The specific names used for the tags within an SGML data file and the
hierarchical relationships between the various elements are based on a set
of rules, called a Document Type Definition (DTD). The DTD is written
according to a rigorous language defined by the ISO 8879 standard. The
rules described by the DTD follow standards that have been defined for a
particular type of information data element (e.g., a bullet list must
contain more than one bullet, a second level heading must precede a third
level heading).
In a typical SGML implementation, the SGML source file and its associated
DTD are read into a validation software program. The validation program
parses the source file and determines whether the file conforms to the
rules defined by the DTD. If any rules are violated, an error is detected.
Errors can range from syntax errors, such as misspellings, to missing
elements. When validation is successful, all elements needed to make up a
document are present in the correct order. The data is then ready for
production (formatting), a stage that is handled by software applications
that format the SGML data elements for specific output mediums. More
information on SGML and on the use of SGML data files and Document Type
Definitions can be found in Standard Generalized Markup Language (SGML)
International Standard (ISO) 8879, First Edition in SGML (ISO) 8879:
1986/Amendment 1, both published in 1986. Both publications are available
from Graphic Communications Association (GCA) Publications and Resources
in Alexandria, Va.
SGML and Object-Oriented Information Management
The concept of object orientation has become popular in the field of
computer programming because it enables reuse of programming code objects.
Similarly, the concept of object orientation can be applied to technical
writing, where "objects" of documentation (including text, graphics, and
other forms) can be reused in many ways for many different documents. This
object-oriented information management addresses many of the problems
associated with authoring increasingly complex technical documentation.
By definition, SGML provides a mechanism for object-oriented integrated
information management. Under an object-oriented information management
strategy, individual snippets (or objects) of data become part of an
organization's database of information. Documents are then formed by
piecing together pertinent objects. SGML provides a mechanism for
encapsulating data within information objects. For example, data
describing an object's purpose or links to other objects may be
encapsulated within an information object.
As a standard language specification, however, SGML defines only the way
information is described in the source data files. SGML does not define
how to manipulate the data elements or how to generate output documents
from the source data files. Although SGML provides the ability to
encapsulate data within information objects, it does not define a method
or system for manipulating the information objects in order to produce a
variety of documents from a single document file.
There is a need in the art for a method of authoring a single source
document that contains multiple variations of a subject such that the
single source document can be used to generate a variety of documents
based on these variations. In addition, there is a need in the art for a
system for using that source document to generate a document tailored to
each variation or documents containing combinations of variations, where
variation-specific information is clearly identified.

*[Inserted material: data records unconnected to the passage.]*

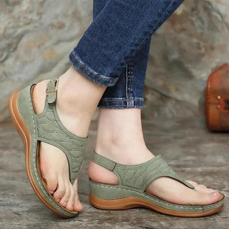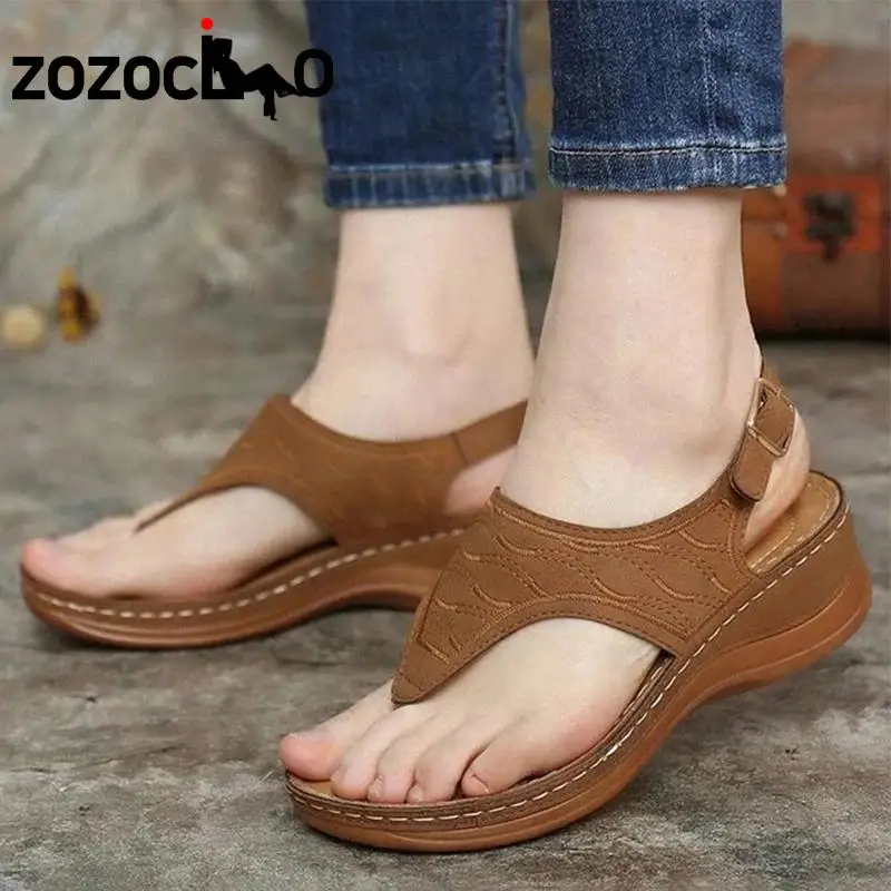 Сандалии женские на танкетке, босоножки на плоской подошве, с клипсой, Повседневная летняя пляжная обувь на танкетке, женские сандалии на платформе, шлепанцы
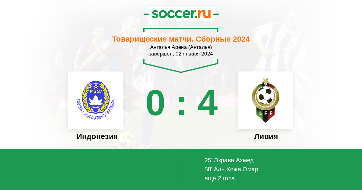 | Ливия | 2:1 | 0:0 | 2:1 |
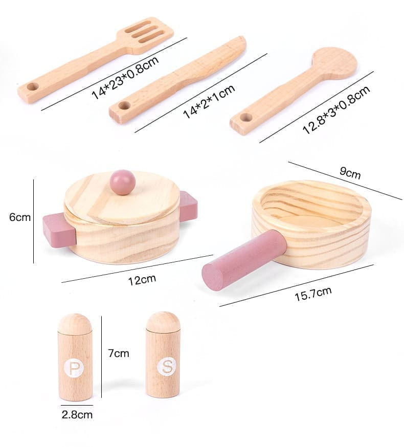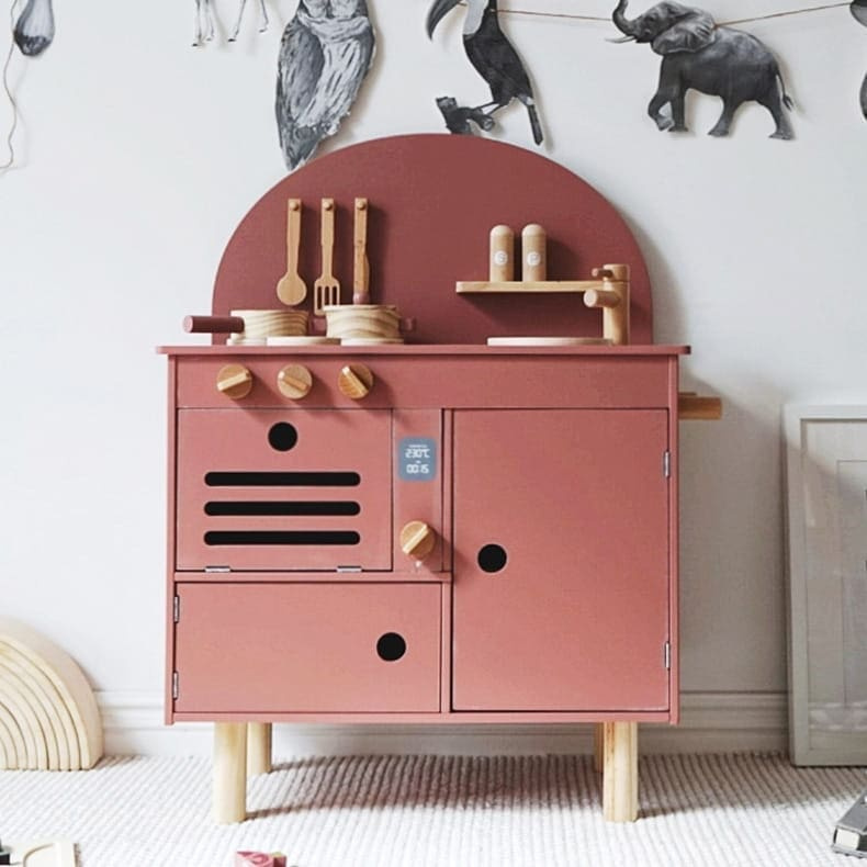 Drewniana kuchnia została stworzona z myślą o detalach. Małych kucharz ma do dyspozycji wszystkie najpotrzebniejsze narzędzia w zasięgu ręki. Kuchnia jest pięknie wykonana. Zachwyca stylem i dopracowanymi detalami. To przepiękne uzupełnienie pokoju małej królewny.
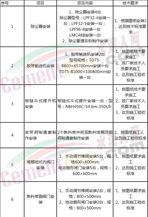 第一標(biāo)段:水泥分廠設(shè)備大修,具體內(nèi)容見下表:
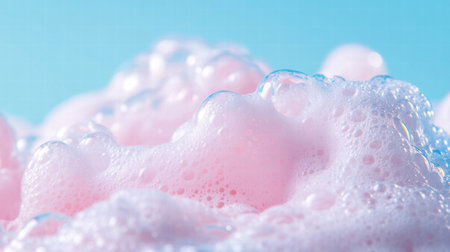 Soft pink bubbles rise and form a frothy layer against a gentle blue backdrop, creating a fun and relaxing atmosphere in a bath setting.
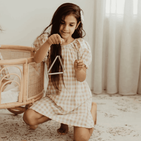 Perfectly sized for little hands, this instrument encourages fine motor development as children grasp the string and strike the steel triangle. It’s an engaging way to explore sound, rhythm, and cause and effect – a wonderful introduction to the joy of music.
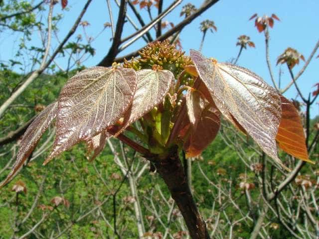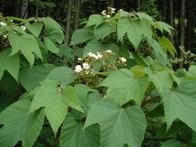 | 落葉高木 中部地方以西〜九州、日本に野生しているものは本来の自生かどうか不明。高さ15m、直径60cmほどになる。樹皮は淡灰褐色で、平滑、縦に浅いしわがある。枝は太くて無毛。はじめ緑色でのちに暗褐色。葉は互生。葉身は長さ15〜20cm、幅8〜16cmの卵形〜広卵形。先はとがり、基部はハート形。浅く3裂するものが多く、縁は鈍い鋸歯がある。裏面の脈腋に褐色の毛がある以外は両面とも無毛。葉身の表面基部に柄のある腺が2個ある。葉柄は紅色を帯び、長さ6〜12cm。雌雄同株。枝先に円錐花序をだし、直径2cmほどの白い花をつける。開花後しばらくすると花弁の基部や花糸は紅色を帯びる。果実は堅果。直径約2〜2.5cmの扁球形で溝が3個ある。10〜11月に熟すが、熟しても裂開しない。なかには種子が3個入っている、種子は直径約1cmの球形。花期は5〜6月 冬芽は、頂芽だけが発達する。頂芽は半球形で長さ7〜12mm。芽鱗は7〜12個。葉痕は円形で大きく、左右に托葉痕がある。(樹に咲く花) 学名は、Vernicia cordata 似た花にオオアブラギリがあり、果実の先端が尖る。 トウダイグサ科アブラギリ属 |
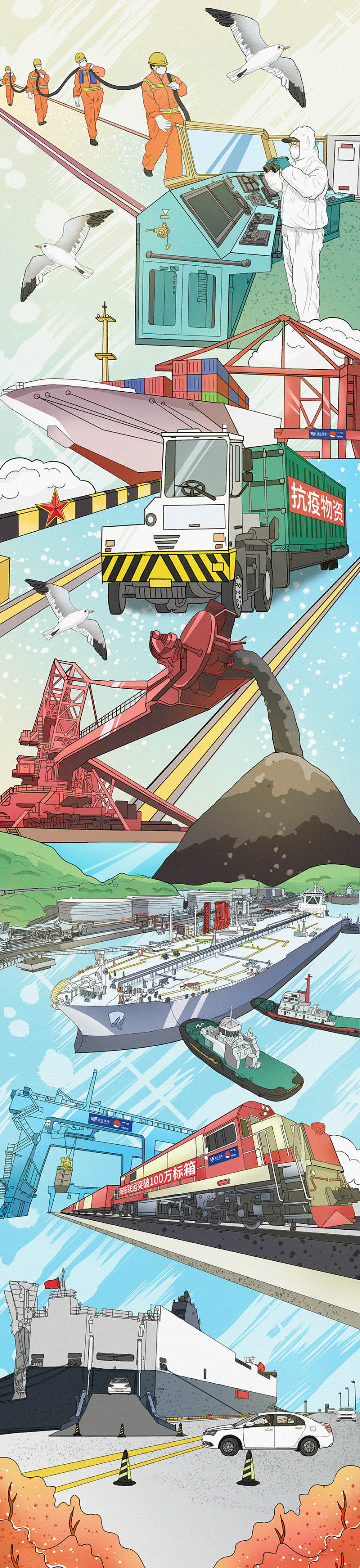 深“V”反转的背后,是宁波舟山港扛起建设“一流强港”使命的决心与魄力。面对疫情影响,宁波舟山港成立防境外疫情输入引航专班,专门服务境外疫情风险地区重点船舶,至今已成功引领来自境外疫情风险地区船舶12533艘次;千方百计保“两链”,主动为航运物流等企业解决困难,通过数字化手段帮助集卡司机分批次到岗,逐步助推港口生产水平恢复;积极响应政府号召,降低企业负担,优化营商环境,通过采取一系列优惠措施为相关企业累计降费超2亿元……
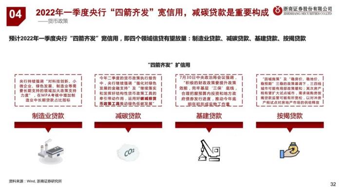 其中“四箭”分别指制造业贷款、减碳贷款、基建贷款、按揭贷款;二季度,在4月中央政治局会议之后,将再度强调控制宏观杠杆率,注重结构调整,因此或淡化经济增长,宽信用政策可能出现适度回调,二季度经济增长趋于回落;三四季度,李超认为由于2021年基数较低,政策只需稍作刺激,经济增长可以出现表观向上,迎接二十大。
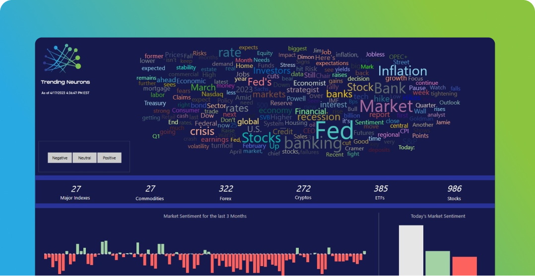 Trending Neurons aggregates a comprehensive suite of market intelligence — from fundamental and technical analysis to options data and sentiment tracking — into a single, patent-pending, user-friendly interface.Built on advanced machine learning and AI algorithms, our system delivers up to 93.7% accuracy across 36 global stock exchanges, predicting market direction and potential returns for the short term, mid term, and the next three months.A built-in generative AI chat assistant sits on top of the design, helping you interpret, navigate, and act — empowering you to make well-informed trading and investment decisions.
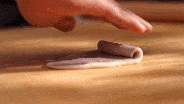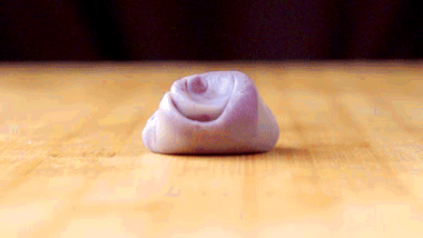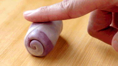 7、卷起松弛2次过后,用食指在中间压一下,将两头向上翻。
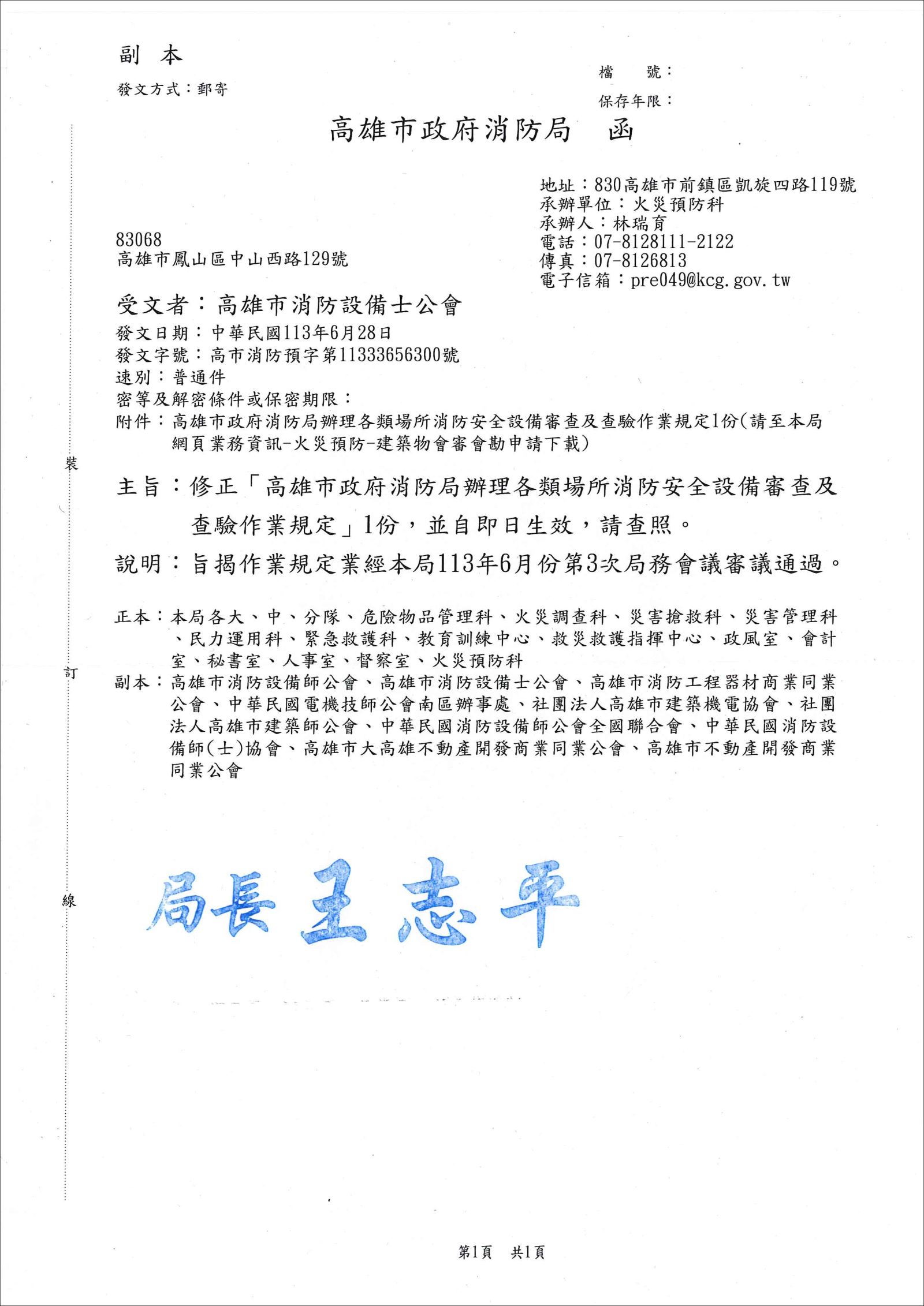 修正「高雄市政府消防局辦理各類場所消防安全設備審查及查驗作業規定」乙份,並自即日起生效。
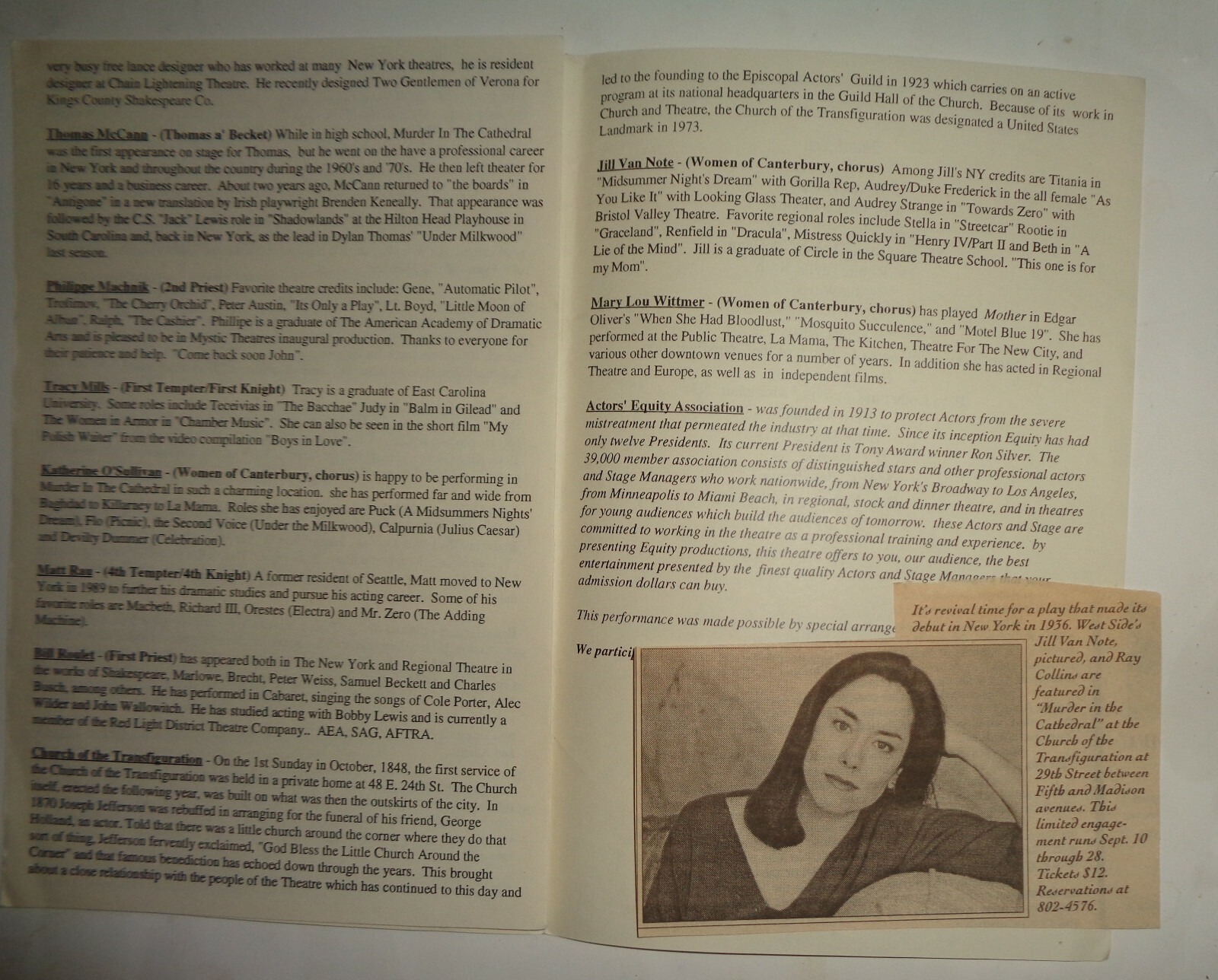 Mystic Theatre Presents "Murder In The Cathedral", starring Katherine O'Sullivan, Jill Van Note, Mary Lou Wittmer, Bill Roulet, John Flaherty, Norm Anderson, Jon-Michael Hernandez, Thomas McCann, Tracy Mills, Ray Collins, Jim DeMonic, Matt Rau. Laid in is a newspaper clipping about the play, with photo of Jill Van Note. ; 8vo; 8 pages.
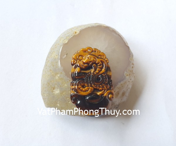 + Chất liệu và hoàn thiện: Mặt 12 con giáp tuổi Tỵ (Rắn) lớn, đá mắt mèo vân gỗ (tại Việt Nam).
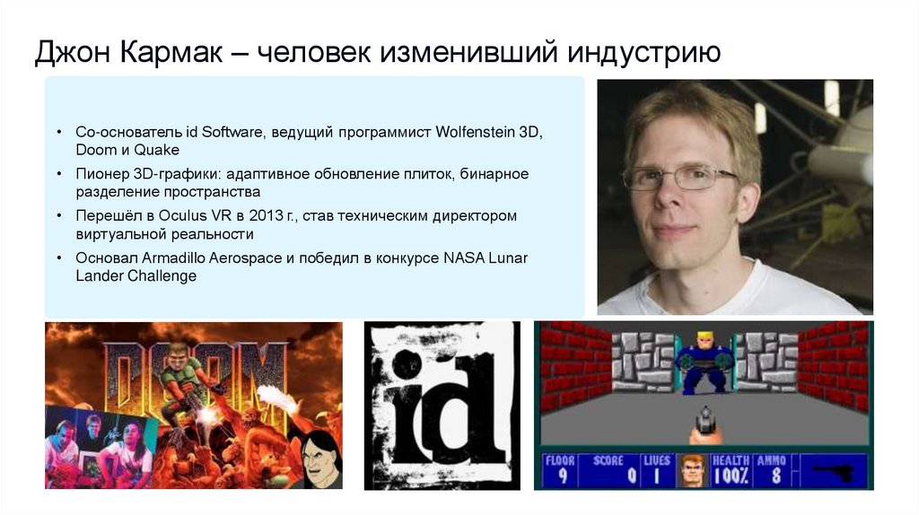 Джон Кармак – человек изменивший индустрию• Со-основатель id Software, ведущий программист Wolfenstein 3D,

Finally, there is a need in the art for a system and method of producing
documents that can identify data encapsulated within an information object
as specific to a particular variation, that can manipulate the
encapsulated data objects, that can generate multiple output documents
from a single source file that contains information for multiple
variations, and that permits variety in the presentation of the
encapsulated variation data in the output documents.
SUMMARY
The present invention is a system and method for producing a variety of
documents from a common document database. A document is partitioned into
a number of encapsulated data elements. One or more classes of variations
are defined and variation names are associated with each class. Data
elements within the document are tagged with one or more variation names
and placed within a document database; the resulting document database can
be filtered and formatted to form variation-specific documents.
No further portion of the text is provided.